LAYER 2

Documentation for LAYER_2 from the Json remedy repository.

Layer 2: Structural Repair

Overview

Layer 2 is the second layer in the JSON Remedy pipeline, responsible for Structural Repair. It fixes missing, extra, and mismatched delimiters using a sophisticated state machine approach to handle complex nested structure issues.

Module: JsonRemedy.Layer2.StructuralRepair
Priority: 2 (runs after Layer 1 Content Cleaning)
Behavior: Implements JsonRemedy.LayerBehaviour

Purpose & Design Philosophy

Layer 2 addresses structural integrity issues in JSON data that commonly occur when:

JSON is truncated or incomplete (missing closing delimiters)
Extra delimiters are accidentally added during editing
Delimiters are mismatched (opening with { but closing with ])
Complex nested structures have inconsistent nesting

The layer uses a character-by-character state machine instead of regex parsing for precise control over delimiter matching and context tracking, following the project’s philosophy of maintainable, efficient implementations.

Core Functionality

1. Missing Delimiter Detection & Repair

Automatically adds missing closing delimiters for incomplete JSON structures:

// Input (truncated JSON)
{"name": "Alice", "profile": {"city": "NYC"

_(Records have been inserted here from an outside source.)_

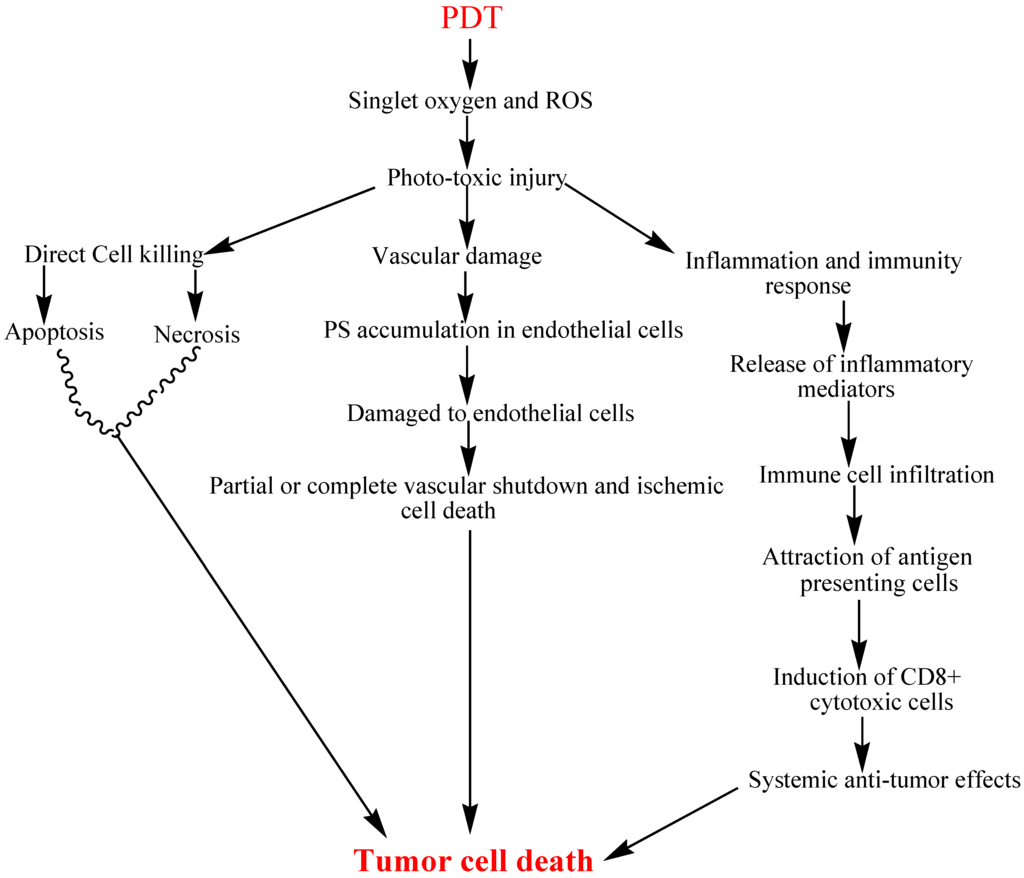 Mechanisms through which PDT may exhibit anti-tumor activity have been explored in various studies and include (a) direct tumor cell damage; (b) damage to the vasculature; and (c) inducing inflammatory and immune response which briefly summarized in Figure 3 [11,12,13,14].
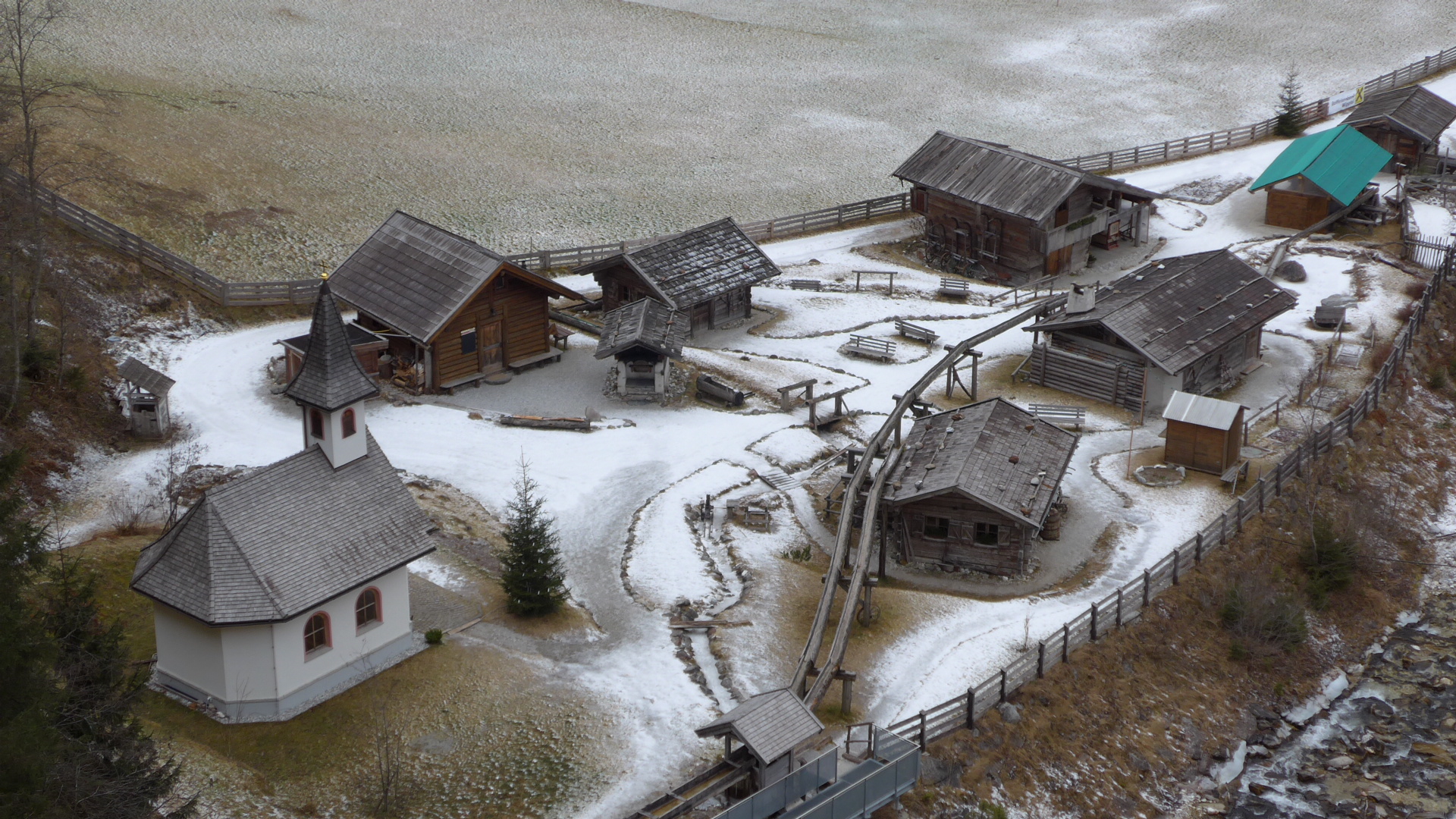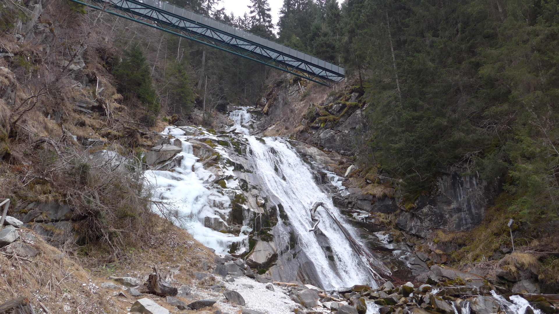 Tourenverhältnisse: Vorbei am Mühlendorf (Bild) östl. vom Sandesbach (schneefrei) hinauf auf abwechslungsreichem Weg zur Tribulaunhütte (15 cm Schnee).
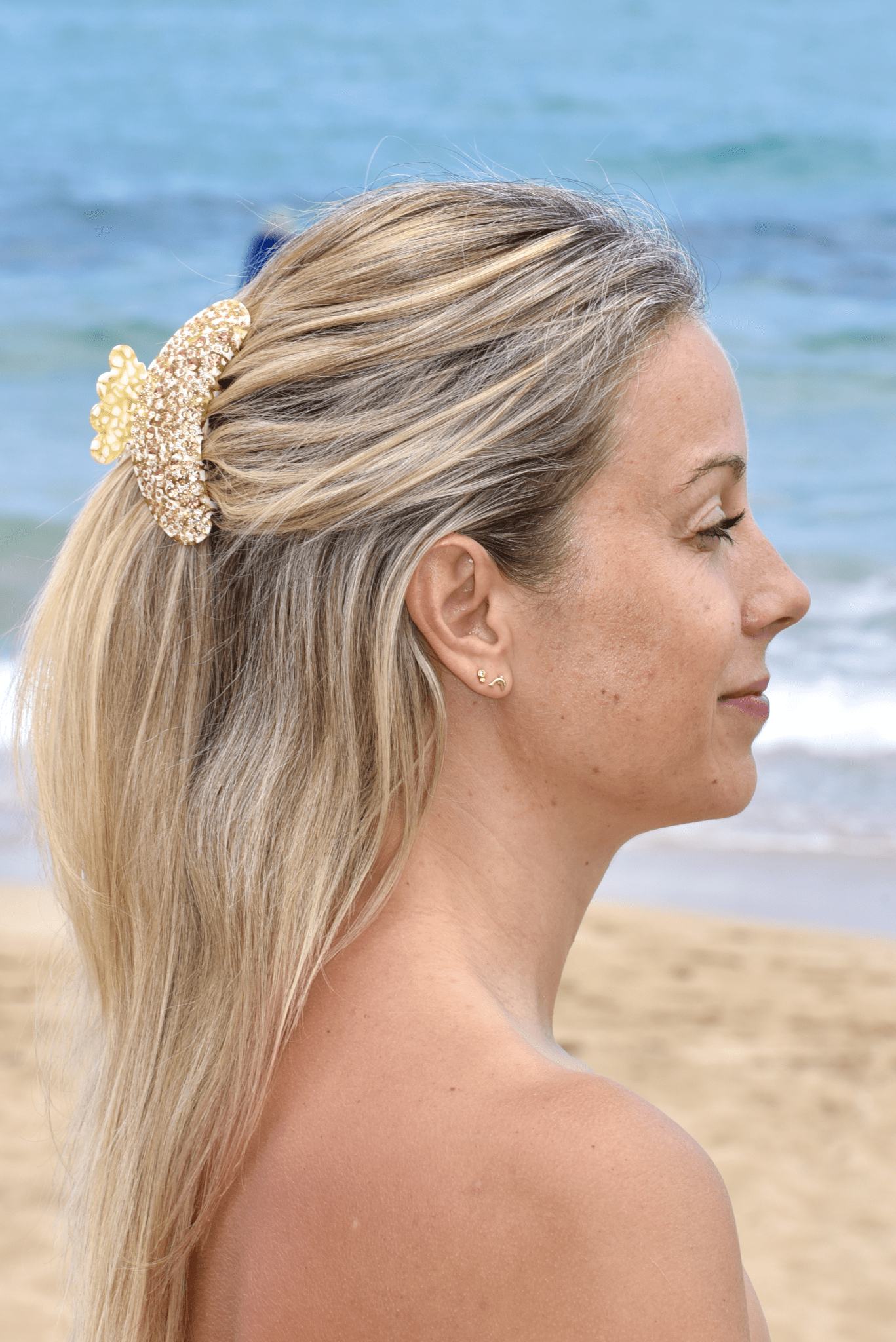 Helen Lemonade Middle is a fresh and sparkling medium-sized hair claw that radiates sunshine, fun, and a touch of glam.
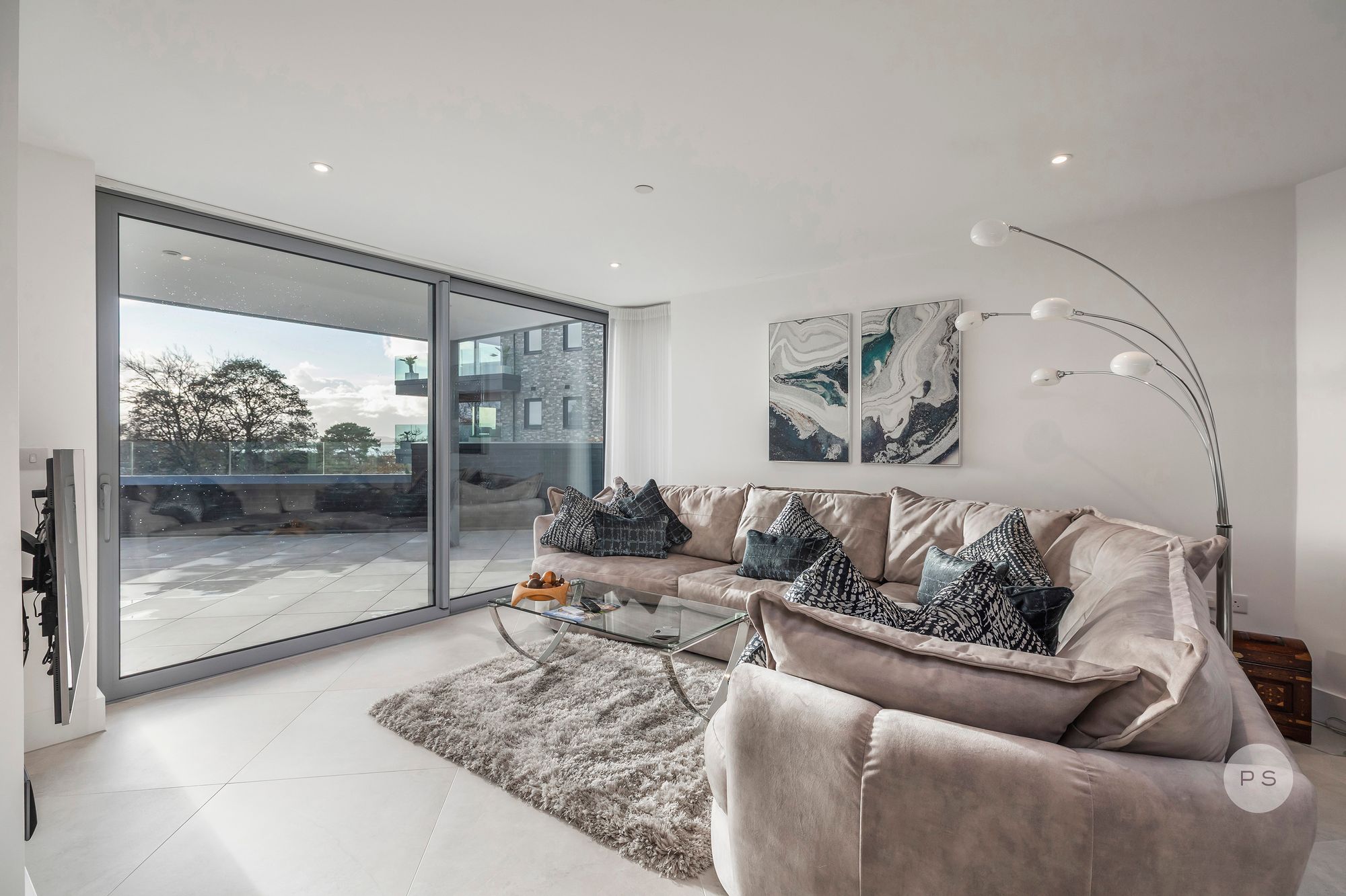 The standout feature is the remarkable south west facing terrace, approaching 549 sq ft, providing a rare and highly desirable outdoor living space ideal for dining, relaxation and entertaining. The terrace can be accessed directly from the principal living area, where floor to ceiling glazing frames the beautiful outlook and fills the room with natural light. The interior layout has been thoughtfully planned, complemented by oversize two metre internal doors, underfloor heating and an interior designed finish. The apartment is offered with the option of buying some of the finishings.
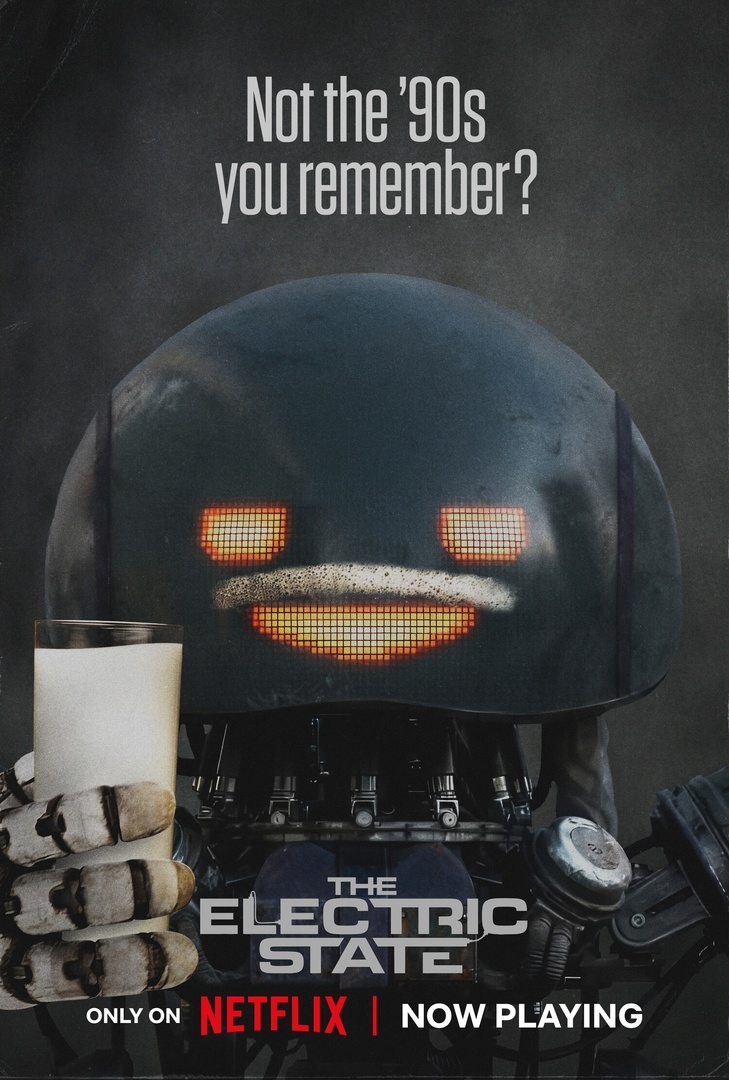 Для начала стоит знать, что первоисточник представлял собой не полноценное произведение, скорее, артбук, в котором меланхоличный сюжет разворачивался вокруг девушки, путешествующей со своим роботом по Западному побережью. Но вместо досконального переноса оригинала на большие экраны, братья Руссо придерживаются шаблонов любого блокбастера, и подобный ход вряд ли кого-то удивит. Любопытно, что их предрелизные интервью буквально противоречат друг другу: они утверждали, что хотели снять live-action мультфильм Pixar, параллельно заявляя о том, что «Электрический штат» является своего рода разминкой GGI-эффектов перед грядущей дилогией «Мстители». Первое, на что хотелось бы обратить внимание – обширная предыстория, из-за которой авторам просто не остаётся времени на личную трагедию главной героини, упоминаемой вскользь. Дальнейшее повествование представляет собой стандартное путешествие из пункта А в пункт Б, однако нюанс заключается в том, что за два с лишним часа хронометража в «Электрическом штате» не более пары экшен-сцен, хотя концепт фильма даёт авторам простор для многочисленных боевых эпизодов. Видно, что в сюжете есть намёки на разделение роботов по кланам, но эти сцены не влияют на происходящее и не дополняют картину. А хрестоматийное повествование, не предусматривающее никаких «сюрпризов» для аудитории, дополняется гуманистической философией и поверхностной критикой высших слоёв общества. Но несмотря на провал фильма, «Электрический штат» - совершенно необязательный, но обаятельный блокбастер с парой неплохих сцен и впечатляющим визуалом.
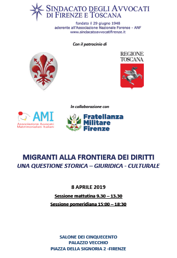 Gianni Baldini, membro di Giunta dell’Associazione Luca Coscioni, sarà a Firenze per il convegno Migranti alla frontiera dei Diritti. L’evento è organizzato dal Sindacato degli avvocati di Toscana, con il patrocinio della Regione Toscana e del Comune di Firenze, con la collaborazione di Associazione degli Avvocati Matrimonialisti Italiani e la Fratellanza militare di Firenze.
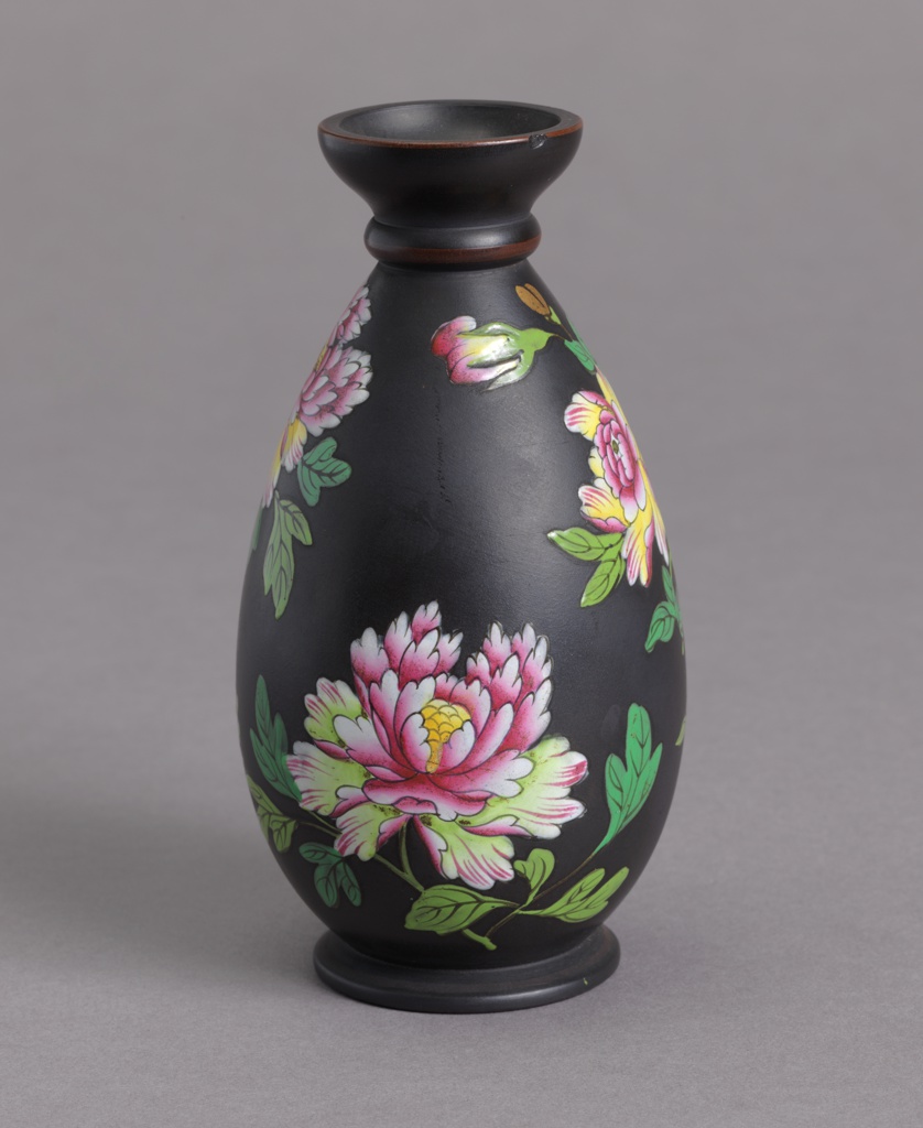Vase; Manufactured by Wedgwood (United Kingdom); stoneware (black basalt), enameled and painted decoration; 12.9 x 7 cm (5 1/16 x 2 3/4 in.); Bequest of Erskine Hewitt; 1938-57-313
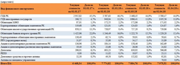 К началу апреля суммарные пенсионные накопления граждан Казахстана составили 7 974,07 миллиарда тенге, увеличившись на 2,5 процента с начала года. За 2017 год пенсионные накопления выросли на 16,4 процента, или 1 095,5 миллиарда тенге.
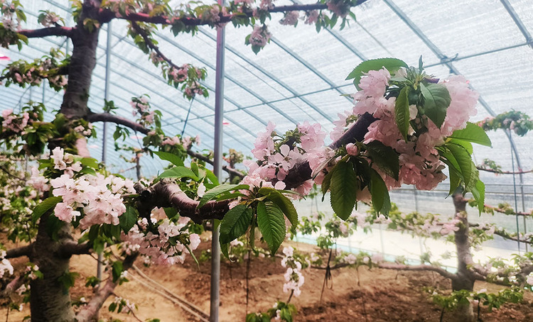 日光溫室大棚內提前發芽開花的櫻桃樹
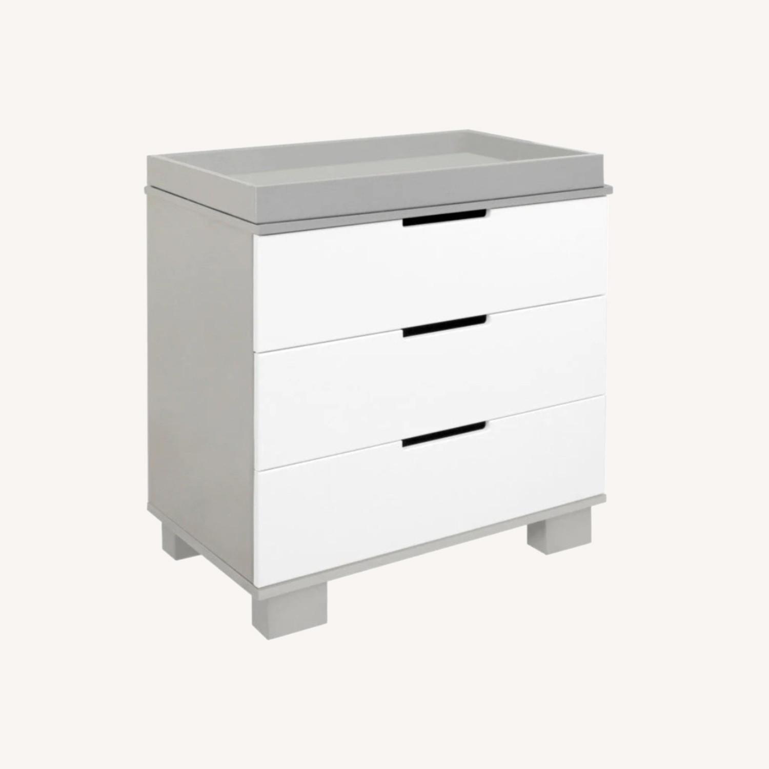 A changing table on top and a dresser just below, the modern Modo 3 Drawer Changer Dresser is a space-saving nursery necessity. Smart and stylish, the sleek design of the Modo 3 Drawer Changer Dresser provides ample drawer storage space. Up top, the changing tray's raised sides help keep baby safe. Once baby has grown out of using the changer it can be removed to leave a chic dresser. The drawers smoothly and gently slide open thanks to metal glide hardware. Stop mechanisms on the drawers keep baby safe by ensuring drawers can't be pulled all the way out. The changer dresser also includes an anti-tip kit to further enhance safety by attaching the dresser to the wall. The Modo 3 Drawer Changer Dresser matches the modern Harlow, Modo and Mercer convertible cribs, and the portable Origami Mini Crib.

// Output (Layer 2 repaired)
{"name": "Alice", "profile": {"city": "NYC"}}

Features:

Tracks nested context using a context stack
Maintains LIFO order for proper nesting closure
Handles arbitrarily deep nesting levels
Preserves string content and escape sequences
Records repair positions for debugging

Implementation: Uses close_unclosed_contexts/1 to add missing delimiters based on the current context stack.

2. Extra Delimiter Removal

Removes redundant or duplicate delimiters that break JSON structure:

// Input (extra delimiters)
[["item1", "item2"]]  // Double array wrapping
{{"key": "value"}}    // Double object wrapping

// Output (Layer 2 cleaned)
["item1", "item2"]    // Single array
{"key": "value"}      // Single object

Features:

Detects consecutive identical opening delimiters
Uses look-ahead analysis to determine redundancy
Applies heuristics for distinguishing valid from invalid nesting
Handles both bracket [[]] and brace {{}} duplications

Implementation: Uses extra_opening_delimiter?/2 with appears_redundant?/2 heuristics.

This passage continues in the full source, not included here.